I. IDENTIFYING INFORMATION
Title* Swedish FrameNet v1.0
Subtitle Swedish FrameNet for describing and documenting Swedish lexical entries, containing sentences annotated manually with semantic information and automatically with morphosyntactic information.
Created by* Dana Dannélls (dana.dannells@svenska.gu.se), Maria Toporowska Gronostaj, Karin Friberg Heppin, and others.
Publisher(s)* Språkbanken Text (sb-info@svenska.gu.se)

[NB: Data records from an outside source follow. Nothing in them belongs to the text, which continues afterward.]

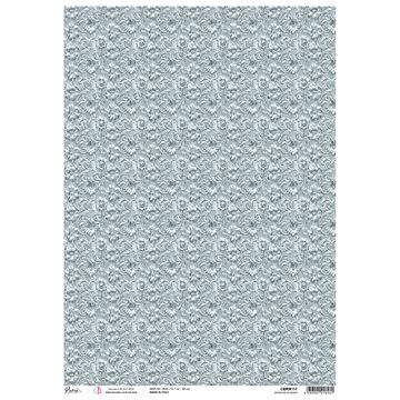 Motif straw silk "Elegance of Blue - Engraved flowers"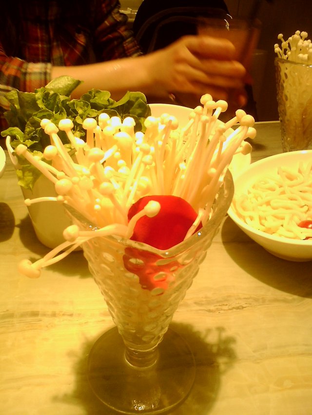 金针菇,菠菜等蔬菜:蔬菜其实一般啦,菜都是一样的,就看新鲜还是不新鲜。这里的菜还是比较新鲜的,不过菜肯定打过农药,一点虫斑都没有,多烫烫吧。。。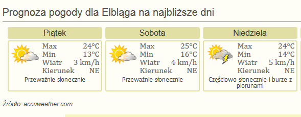 A pogoda według prognozy na najbliższe dni powinna być typowo letnia i sprzyjająca wszelkiego typu wypadom i aktywnościom w plenerze. Choć pamiętać należy, że nie jest to obietnica, ale jedynie prognoza, a z tymi bywa różnie...

Link(s) / permanent identifier(s)* https://spraakbanken.gu.se/resurser/swefn
License(s)* CC BY 4.0
Abstract* Swedish FrameNet (SweFN) is a multi-layered lexical, grammatical and semantic computational resource based on the theory of frame semantics. The resource was created within the Swedish FrameNet++ project. It has been developed in line with Berkeley FrameNet 1.5. In SweFN sentences are annotated manually with semantic information and automatically with morphosyntactic annotations. The resource contains 1,195 semantic frames, 39,212 lexical units linked to Saldo and 9,020 semantically and syntactically annotated sentences.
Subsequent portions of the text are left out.